Loading & Precedence

This page covers how create() finds and loads a file, and how get() resolves a value — including the immutability rule that lets real environment variables win.

What create() accepts

public function create(string $path, bool $debug = true): void

$path may be a file or a directory:

DotENV::create('/app/.env');       // explicit .env file
DotENV::create('/app/.env.php');   // explicit .env.php file
DotENV::create('/app');            // directory: tries .env, then .env.php

When you pass a directory, the loader looks for .env first, then .env.php. The first one found is used.

Only files literally named .env or .env.php are accepted. A path like /app/config.txt is rejected (see Error Handling).

Where loaded values go

For each KEY=VALUE parsed from the file, create() writes the value into all three stores — unless the name is already defined (see immutability below):

Store Written with Notes
$_ENV $_ENV[$key] = $value any type
$_SERVER $_SERVER[$key] = $value any type
getenv() putenv("$key=$value") string values onlyputenv() can't take non-strings

So after loading a string value, all of $_ENV['KEY'], $_SERVER['KEY'] and getenv('KEY') return it. Non-string values from a .env.php file skip putenv().

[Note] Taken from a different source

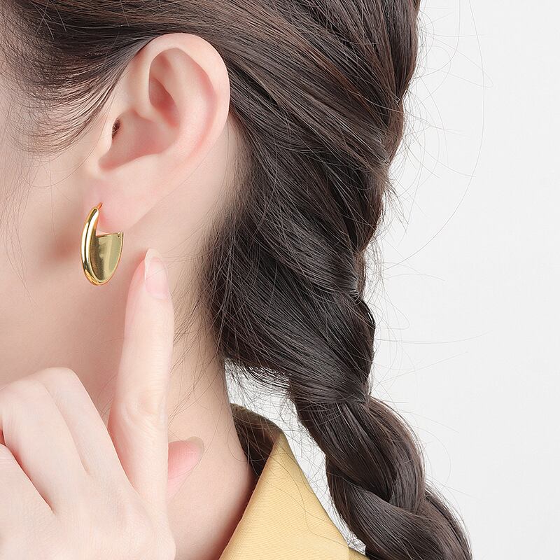 送料無料 ANENJERYシルバーカラーオーバルシェイプフープピアス女性フレンチクリエイティブゴールドシルバーピアスジュエリー2022 イヤリング リング 指輪 銀 アクセサリー AE165553907449260
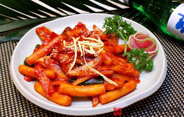 1.辣白菜(泡菜)切成小块,葱切段,姜切丝备用;年糕切成条状,在开水中煮一下捞出沥干;

Immutability — real environment variables win

create() never overwrites a name that is already defined. A name counts as defined if it is present in any of the three read sources:

$_ENV   OR   $_SERVER   OR   getenv()
// Real environment (set by your container/OS):
//   DB_HOST=db.internal

DotENV::create('/app/.env'); // .env says DB_HOST=127.0.0.1

DotENV::get('DB_HOST');      // "db.internal" — the real value wins

This is what makes the pattern "commit a .env for local development, set real environment variables in production" work: in production the real values take precedence and the .env file (if present at all) fills only the gaps.

Checking getenv() too — not just the superglobals — matters because a real environment variable can be visible through getenv() while absent from $_ENV / $_SERVER when PHP's variables_order excludes E. Without that check a .env file could silently clobber a genuine environment variable.

How get() resolves a value

public function get(string $name, mixed $default = null): mixed

Lookup order:

  1. Internal cache — if this name was read before, return the cached value.
  2. $_ENV
  3. $_SERVER
  4. getenv()
  5. Otherwise return $default (null if you didn't pass one).

The first store that defines the name wins. The raw value is then coerced and interpolated, and the result is cached.

DotENV::get('TIMEZONE');            // null if undefined anywhere
DotENV::get('TIMEZONE', 'UTC');     // "UTC" if undefined

Caching

A resolved value is cached on first read, so repeated get() calls are cheap and coercion runs at most once per name. The trade-off: if you mutate $_ENV / $_SERVER / the real environment after a value has been read, get() keeps returning the cached value until you flush().

A name that resolves to the default (undefined) is not cached, so it can still be defined and read later.

The $debug flag

The second argument to create() controls error handling:

DotENV::create('/app/.env');        // $debug = true  → throws on any problem
DotENV::create('/app/.env', false); // $debug = false → silent no-op on any problem

See Error Handling for the full list of conditions.

Loading more than once

create() is additive: call it several times to layer files. Because of immutability, earlier definitions win over later ones — load the most specific file first:

DotENV::create('/app/.env.local', false); // wins where present (optional)
DotENV::create('/app/.env');              // fills the rest

To start over (e.g. between tests), use flush() / reset() — they remove only what the repository loaded, leaving the real environment intact.